Data provided
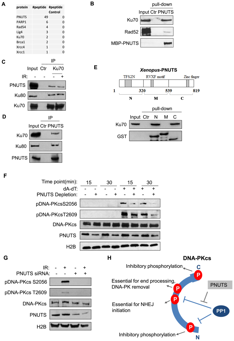 DNA-dependent protein kinase catalytic subunit (DNA-PKcs) plays a key role in mediating non-homologous end joining (NHEJ), a major repair pathway for DNA double-strand breaks (DSBs). The activation, function and dynamics of DNA-PKcs is regulated largely by its reversible phosphorylation at numerous residues, many of which are targeted by DNA-PKcs itself. Interestingly, these DNA-PKcs phosphorylation sites function in a distinct, and sometimes opposing manner, suggesting that they are differentially regulated via complex actions of both kinases and phosphatases. In this study we identified several phosphatase subunits as potential DSB-associated proteins. In particular, protein phosphatase 1 (PP1) is recruited to a DSB-mimicking substrate in Xenopus egg extracts and sites of laser microirradiation in human cells. Depletion of PP1 impairs NHEJ in both Xenopus egg extracts and human cells. PP1 binds multiple motifs of DNA-PKcs, regulates DNA-PKcs phosphorylation, and is required for DNA-PKcs activation after DNA damage. Interestingly, phosphatase 1 nuclear targeting subunit (PNUTS), an inhibitory regulator of PP1, is also recruited to DNA damage sites to promote NHEJ. PNUTS associates with the DNA-PK complex and is required for DNA-PKcs phosphorylation at Ser-2056 and Thr-2609. Thus, PNUTS and PP1 together fine-tune the dynamic phosphorylation of DNA-PKcs after DNA damage to mediate NHEJ.
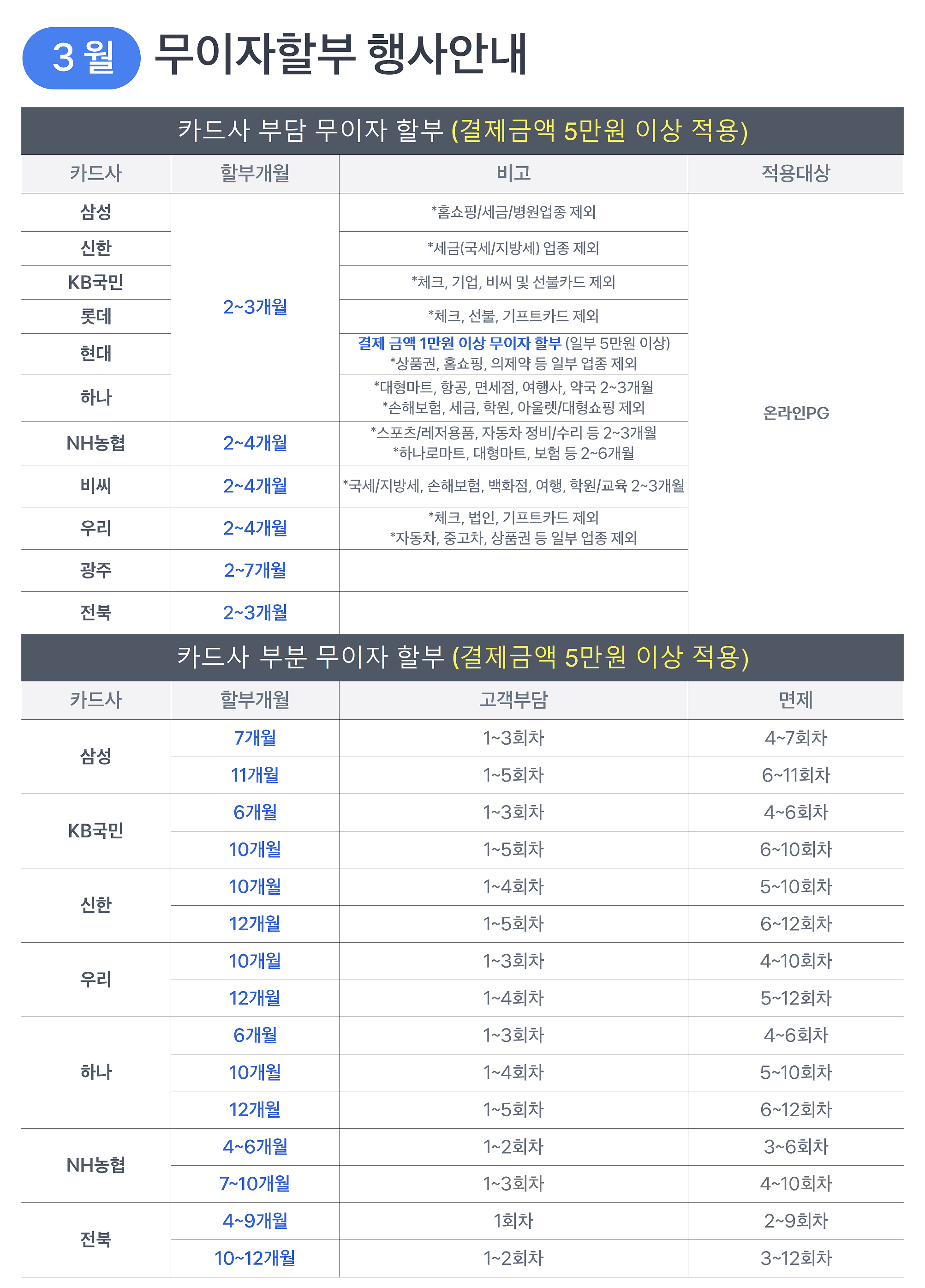 [이벤트]2024년3월 카드 무이자 할부 행사 안내
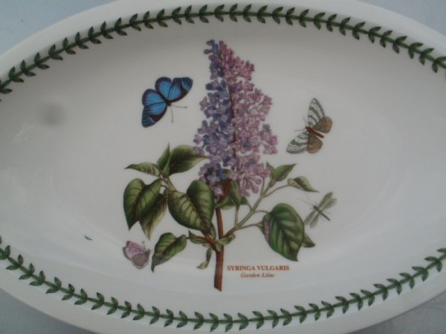 Zdobienie BOTANIC GARDEN ze zdobieniami autorstwa Susan Williams Ellis - tu syringa Vulgaris / garden lilac/ , charakterystyczne motylki i szlaczek. .Sądząc po sygnaturze z dużym prawdopodobieństwem jest to przedmiot z ostatnich edycji.manufaktury w Portmeirion, Dishwasher, microeve, freezer save, oven to table. Jest to przedmiot poza gatunkowy z bez pęknięć I uszczerbków, ale z drobnymi wadami fabrycznymi np. - niewielkie Maźnięcie zieloną farbą / widoczne na zdjęciach /. W pełni użytkowy I bardzo dekoracyjny.
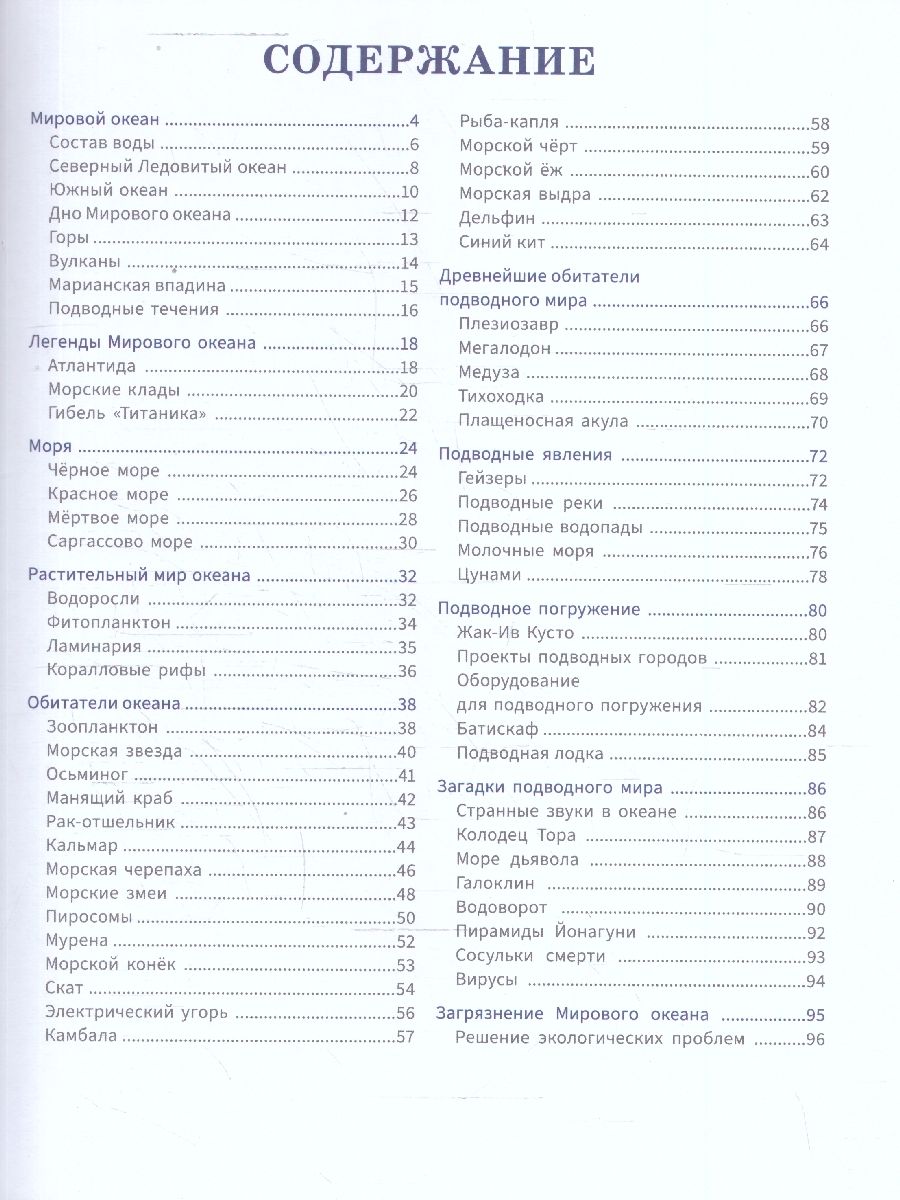 Книга посвящена подводным глубинам. Вы узнаете о морях и океанах, о населяющих их животных и растениях, а также о затонувшем "Титанике", познакомитесь с выдающимися путешественниками и исследователями. Красивые фотографии и иллюстрации помогут лучше усвоить и запомнить всю необходимую информацию.Характеристики

Activity
Output an exact copy of the material, with the pictures removed.

Answer to the exercise
 DNA-dependent protein kinase catalytic subunit (DNA-PKcs) plays a key role in mediating non-homologous end joining (NHEJ), a major repair pathway for DNA double-strand breaks (DSBs). The activation, function and dynamics of DNA-PKcs is regulated largely by its reversible phosphorylation at numerous residues, many of which are targeted by DNA-PKcs itself. Interestingly, these DNA-PKcs phosphorylation sites function in a distinct, and sometimes opposing manner, suggesting that they are differentially regulated via complex actions of both kinases and phosphatases. In this study we identified several phosphatase subunits as potential DSB-associated proteins. In particular, protein phosphatase 1 (PP1) is recruited to a DSB-mimicking substrate in Xenopus egg extracts and sites of laser microirradiation in human cells. Depletion of PP1 impairs NHEJ in both Xenopus egg extracts and human cells. PP1 binds multiple motifs of DNA-PKcs, regulates DNA-PKcs phosphorylation, and is required for DNA-PKcs activation after DNA damage. Interestingly, phosphatase 1 nuclear targeting subunit (PNUTS), an inhibitory regulator of PP1, is also recruited to DNA damage sites to promote NHEJ. PNUTS associates with the DNA-PK complex and is required for DNA-PKcs phosphorylation at Ser-2056 and Thr-2609. Thus, PNUTS and PP1 together fine-tune the dynamic phosphorylation of DNA-PKcs after DNA damage to mediate NHEJ.
 [이벤트]2024년3월 카드 무이자 할부 행사 안내
 Zdobienie BOTANIC GARDEN ze zdobieniami autorstwa Susan Williams Ellis - tu syringa Vulgaris / garden lilac/ , charakterystyczne motylki i szlaczek. .Sądząc po sygnaturze z dużym prawdopodobieństwem jest to przedmiot z ostatnich edycji.manufaktury w Portmeirion, Dishwasher, microeve, freezer save, oven to table. Jest to przedmiot poza gatunkowy z bez pęknięć I uszczerbków, ale z drobnymi wadami fabrycznymi np. - niewielkie Maźnięcie zieloną farbą / widoczne na zdjęciach /. W pełni użytkowy I bardzo dekoracyjny.
 Книга посвящена подводным глубинам. Вы узнаете о морях и океанах, о населяющих их животных и растениях, а также о затонувшем "Титанике", познакомитесь с выдающимися путешественниками и исследователями. Красивые фотографии и иллюстрации помогут лучше усвоить и запомнить всю необходимую информацию.Характеристики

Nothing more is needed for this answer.